§ WORK TASK
Among the lines of the listing below, retype exactly those from the one containing "The I-GO2 Traveler" through the one containing "關(guān)于開展服務(w", both included. Do not include pictures.

§ PROVIDED RECORDS
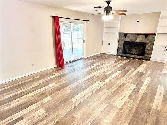 Charming 3-Bedroom Home in a Family-Friendly Neighborhood – 1,208 Sq Ft Fall in love with this inviting single-family home tucked into one of the area's most sought-after family neighborhoods. With 3 spacious bedrooms, 2 full bathrooms, and 1,208 sq ft of comfortable living space, this residence is turnkey ready and full of warmth. From the moment you arrive, the 2-car garage and gated courtyard patio set the tone for cozy sophistication. Step inside to a generous living room anchored by a striking stone fireplace, perfect for relaxing or hosting. The kitchen shines with freshly painted cabinets, new hardware, and a stylish backsplash. Both bathrooms have been thoughtfully updated, including a roomy hall bath with a modern tub/shower combo, and a luxurious primary en-suite with a large tiled shower and walk-in closet. Bedrooms offer plenty of space and storage, and the flow of the home feels effortless. Outside, the covered back patio is a dream for entertaining, overlooking a privacy-fenced backyard ready for play or quiet evenings. Recent upgrades include a new roof, HVAC system, and hot water heater, ensuring peace of mind for years to come. This gem is a must-see for anyone looking for quality, comfort, and community all in one package.
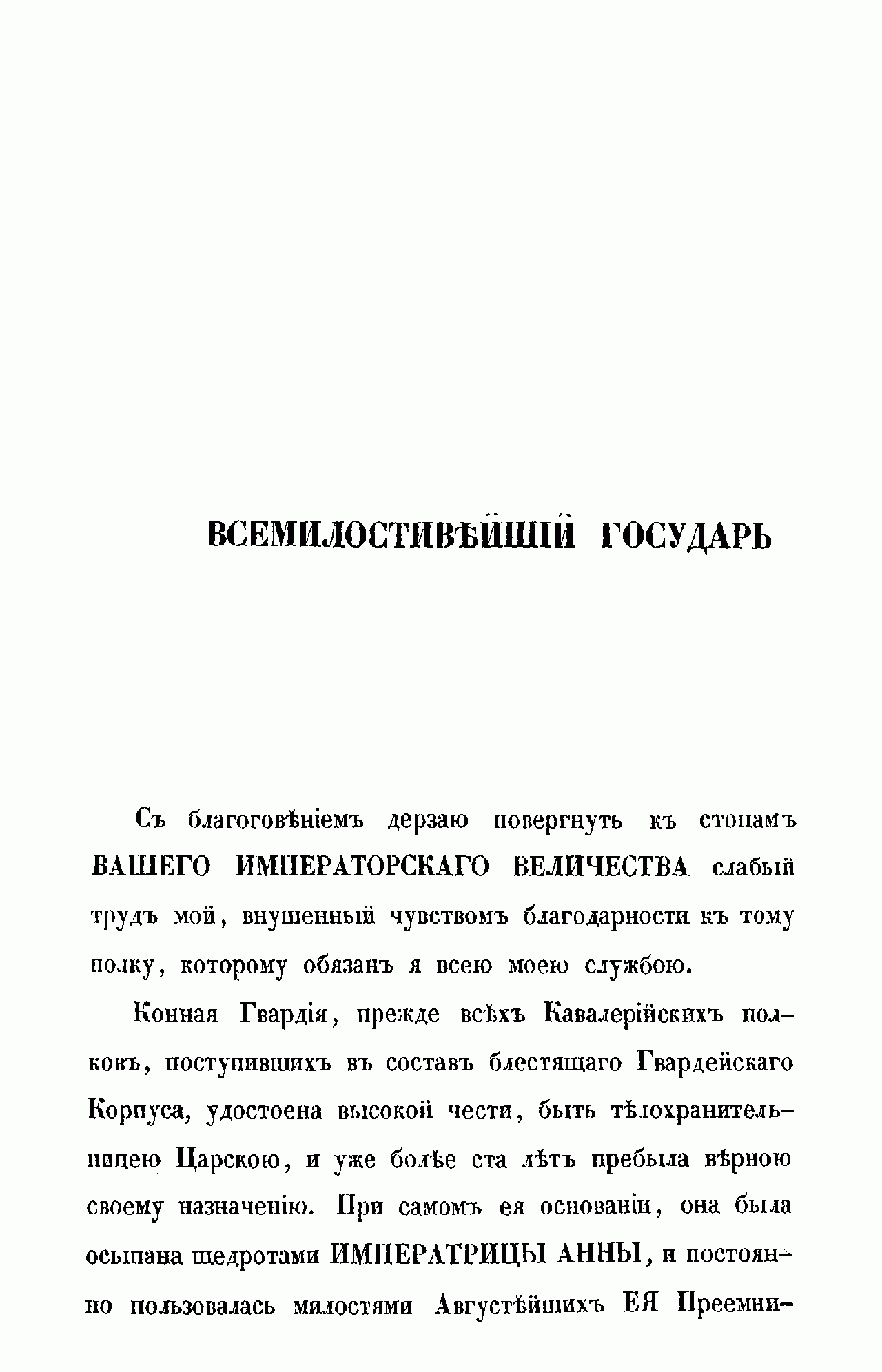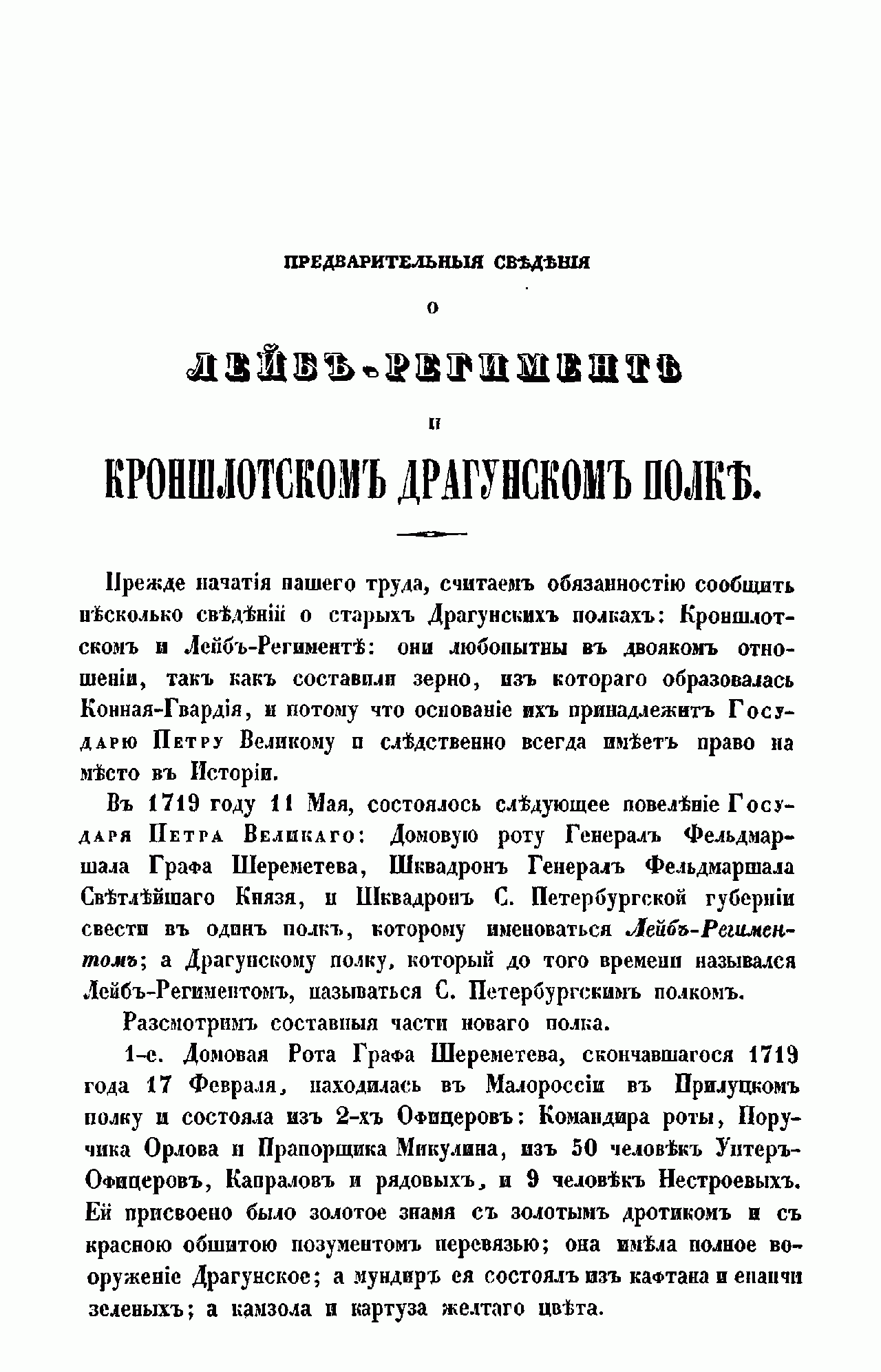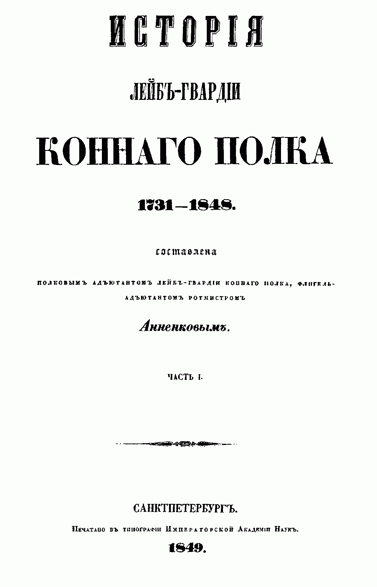 Лейб-гвардии Конный полк был сформирован в 1730 году как Конная гвардия из Кроншлотского драгунского полка, ведущего историю с 1706 года. Полк участвовал в войнах с Турцией, Швецией, Францией, подавлении Польского восстания 1831 года, участвовал в Первой мировой войне. Полк был одной из самых аристократических и блестящих частей гвардии, его командирами или шефами являлись императоры. Начальную историю Конного полка вы можете узнать, познакомившись с книгой И. В. Анненкова. Анненков Иван Васильевич — генерал-адъютант, генерал от кавалерии (1814–1887). Окончив курс в школе гвардейских подпрапорщиков и кавалерийских юнкеров в 1833 году, он вышел прапорщиком в лейб-гвардии Конный полк, где прослужил до 1852 года. В 1849 году Анненковым составлена обширная «История лейб-гвардии Конного полка, от 1731 до 1848 года». Всего было подготовлено 4 части и атлас на 25 листах. История полка представлена по периодам царствующих особ, в книге широко представлен статистический материал.
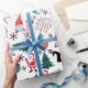 Santa Claus Reindeer Pine Trees Mittens Wrapping Paper
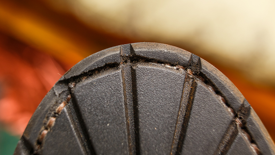 2) Небрежная прострочка подошвы. Как я понимаю, на скорость и надёжность не влияет, но всё же, спрошу, стоит беспокоиться о провале строчки на носке и залить чем-нибудь или нет?
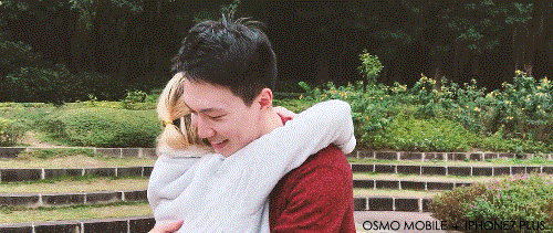 这次使用了Osmo Mobile的智能跟随功能,采取了平移加上环绕的两个拍摄手法,先是侧拍男孩往前走……当两人遇见并拥抱之后,镜头对着他们环绕走一圈。
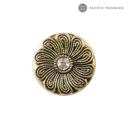 Flower Patterened Metal with Rhinestone Shank Button
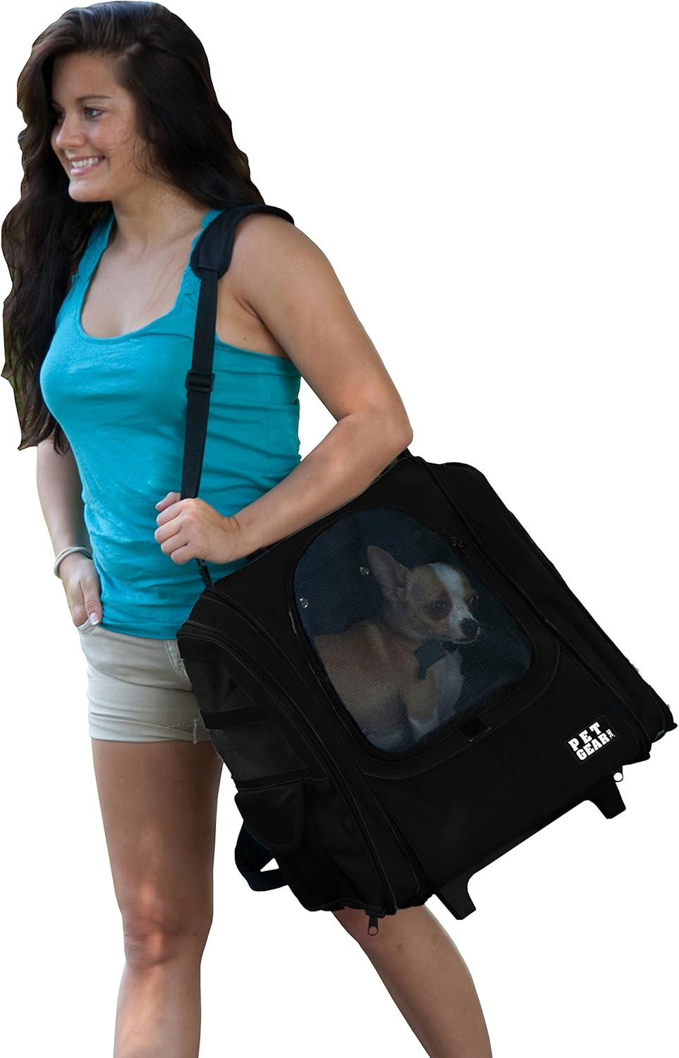 The I-GO2 Traveler is a five-in-one product. It has a telescoping handle with wheels, to function as a roller bag and can also be used as a backpack, tote, carrier, and car seat. This product comes fully assembled and includes a removable pad for easy cleaning, tether to secure pet, and wheel cover. This product was designed with small pets in mind. Please refer to our sizing guide to make sure you have chosen the right model for your pet.
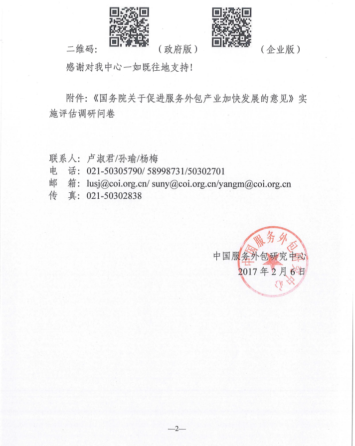 關(guān)于開展服務(wù)外包相關(guān)政策評估調(diào)研的函
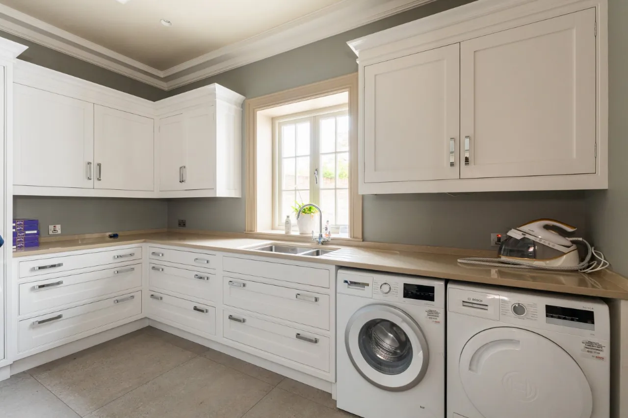 Solid wood hand painted high and low level units, 1.5 tub stainless steel Franke sink unit with chrome mixer tap, stone worktops, plumbed for washing machine, ducted for tumble dryer, ceramic tiled floor, corniced ceiling, recessed lighting, access to roofspace.
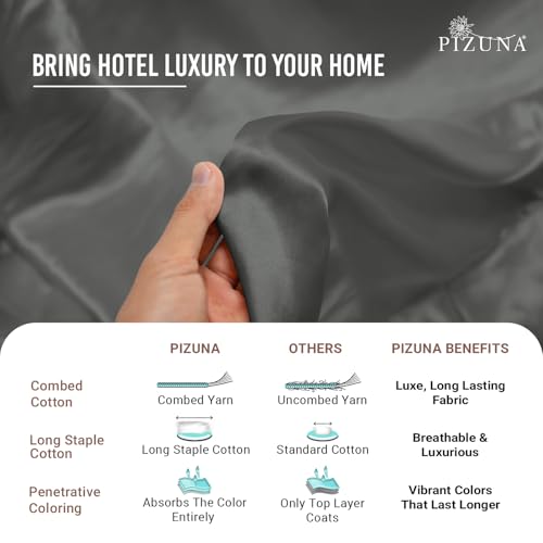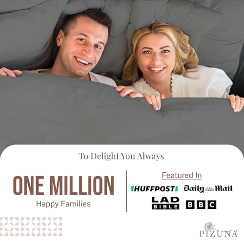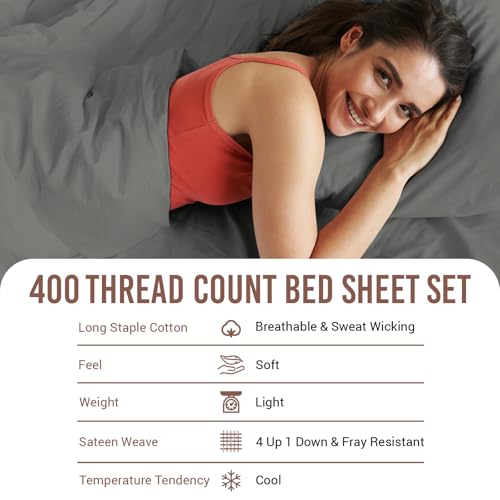 Pizuna 100% Cotton King Size Sheet Set Dark Grey, 400 Thead Count Long Staple Cotton Bedding Set 275×280 cm, Soft Sateen 4 PC King Bed Sheet Set -Fitted Sheet, Flat Sheet & 2 Pillowcases
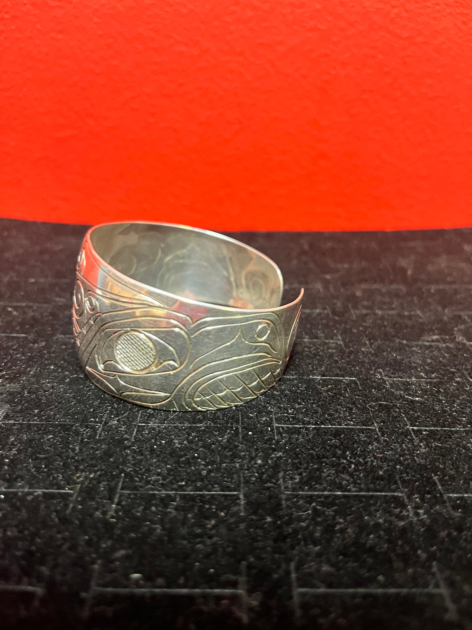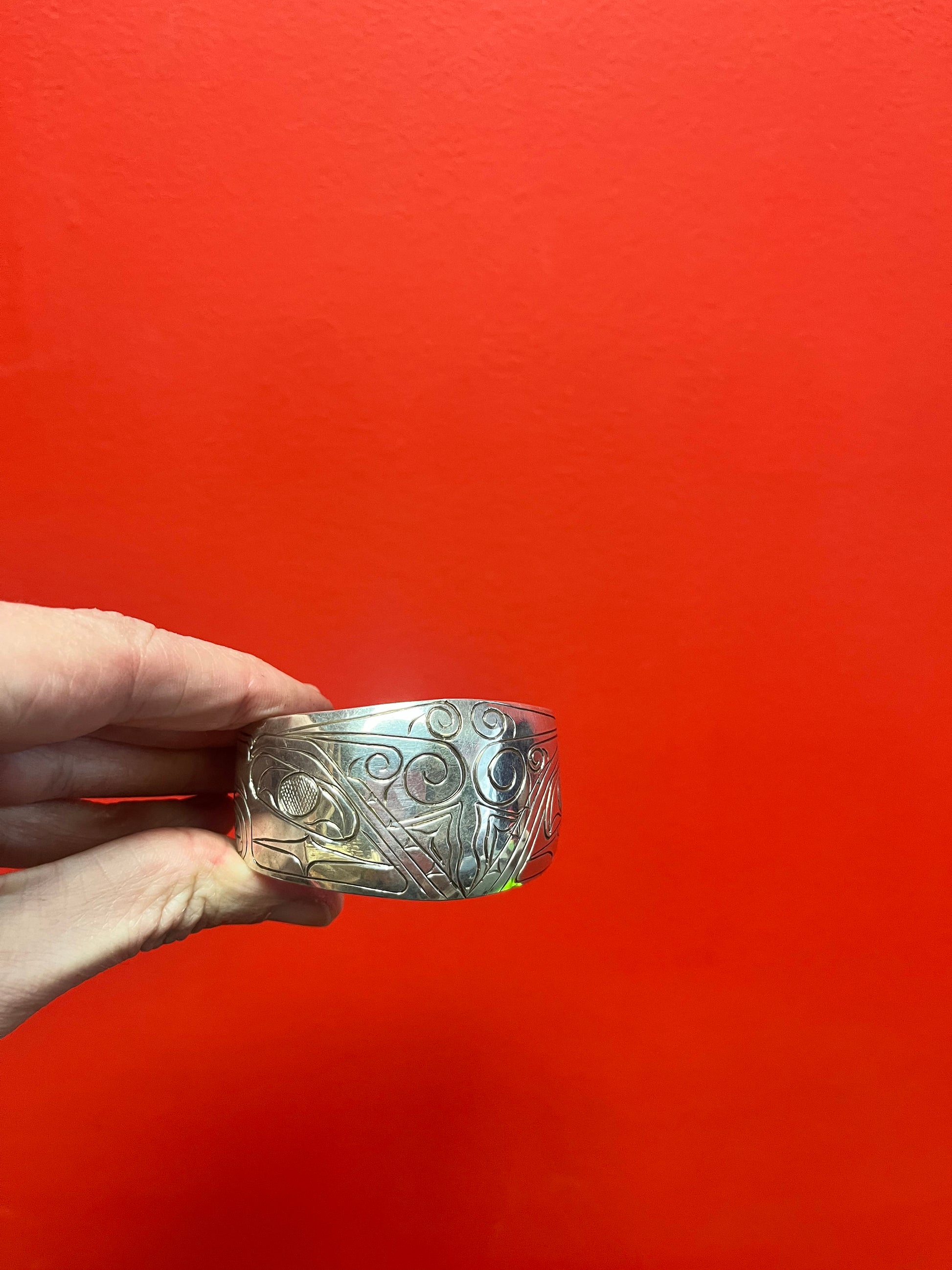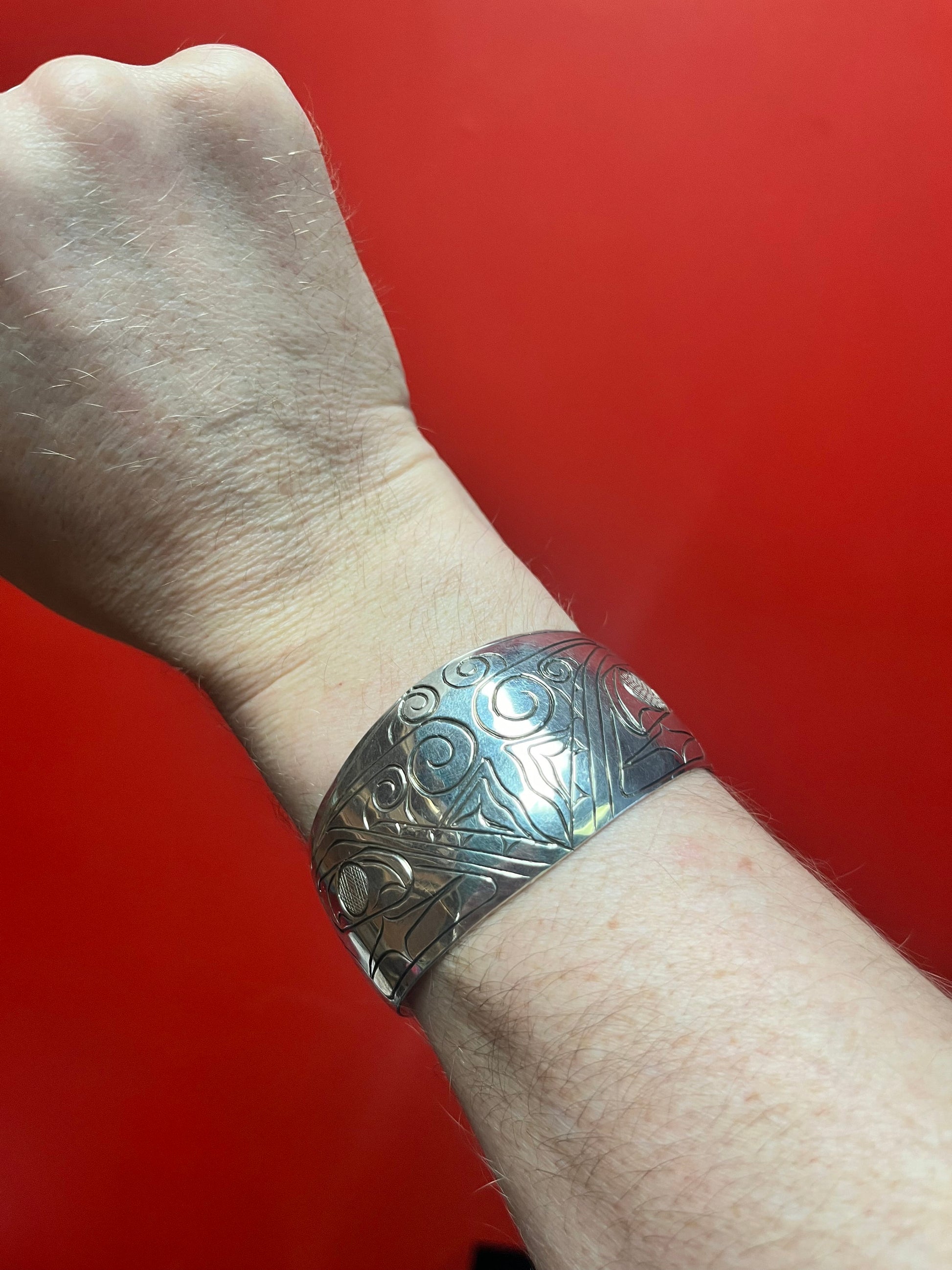 Huge stunning 3 x 1.5 high, signed Edgar Joseph, heavy high-quality detailed indigenous first nations Northwest Coast Sterling bracelet
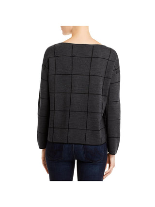 Eileen Fisher Womens Petites Box Top Wool Bateau Neck Charcoal Black - Size Petite Large

§ TASK SOLUTION
 The I-GO2 Traveler is a five-in-one product. It has a telescoping handle with wheels, to function as a roller bag and can also be used as a backpack, tote, carrier, and car seat. This product comes fully assembled and includes a removable pad for easy cleaning, tether to secure pet, and wheel cover. This product was designed with small pets in mind. Please refer to our sizing guide to make sure you have chosen the right model for your pet.
 關(guān)于開展服務(wù)外包相關(guān)政策評估調(diào)研的函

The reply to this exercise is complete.